Excluding the macroscopic results discussed before, the microscopic analysis regarding the pedestrian movement is also important. Here, the time–headway distributions are chosen as examples, and the maximum value is set as 6s. As shown in
Figure 12, for all the densities the simulation results are similar to the experimental results; at low densities, there exists one evident peak in
Figure 12a,b. This is at about 1–2 s. However, with the increase in densities, the peak moves to the right side in
Figure 12c,d, and gradually disappears. Finally, the distribution becomes quite flat in
Figure 12e,f. In general, such tendencies are qualitatively similar to those observed in car-following behaviors, which also show some similarities between pedestrian flow and vehicular traffic flow.
4. Conclusions
In order to simulate single-file pedestrian movement, a new model is proposed based on the framework of Helbing’s social force model. Considering the phenomenon that the pedestrians can only follow the preceding one in the single-file flow, the way by which the pedestrian chooses their destination is changed. It is set as the current position of the preceding one, rather than at one fixed location in the corridor. Therefore, the desired force could be optimized. In addition, the distance for calculating forces between pedestrians is reset to 0.8 m, and the obstacles are divided into 100 particles. Furthermore, it was found that the original model parameters may lead to abnormal simulation results under high-density conditions. Therefore, the values of many parameters were reset. The possible ranges for reasonable results were also discussed. In the simulation results of the fundamental diagrams, spatiotemporal diagrams and the time–headway distributions, it can be found that the modified model can simulate single-file movement at high densities, even when the maximum local density is as high as 4ped/m. Comparisons between the statistical results at different global densities, including the averaged values and the standard deviations of local flow rates and local densities, show that, in most cases, the simulated and experimental results are quantitatively similar. The angular trajectories can help in understanding more about the simulation results. Some minor differences may result from the fact that the experimental dataset is not large enough. In short, this model could be a good choice for modeling single-file pedestrian flow at high densities.
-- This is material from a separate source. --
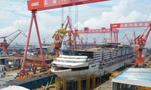 8月10日,中國首制大型郵輪H1508船首個大曲面大線型帶多層超寬造型板船艏生活樓T1b薄板總段完成搭載吊裝工作。標志著船艏薄板總段在建造管...

Although lots of findings have been presented in this paper, there is much work to be carried out in the future. Firstly, in this paper, only the simple condition wherein there is no bottleneck is studied. If the bottleneck effect is involved, the experimental phenomena may be very complex [
17,
23], and whether the current model rules are suitable still needs to be investigated. Secondly, when there are more streams from different moving directions, the management of conflicts will be more challenging than the single-file flow, e.g., the counterflow [
24,
25,
26,
27,
28,
29,
30]. For such a task, perhaps the structure of social force models must be revised or extended due to these different environments. For example, in many countries, pedestrians prefer to move to the right side, which can help to form lanes in the counterflow. However, whether it could be helpful for the simulations by social force models is not clear. In addition, the individual characteristics of pedestrians (e.g., genders, body sizes or personality traits, etc.) are not considered in this paper, which could be explored in the future. In short, more data are needed, and there is still long way to go in this field.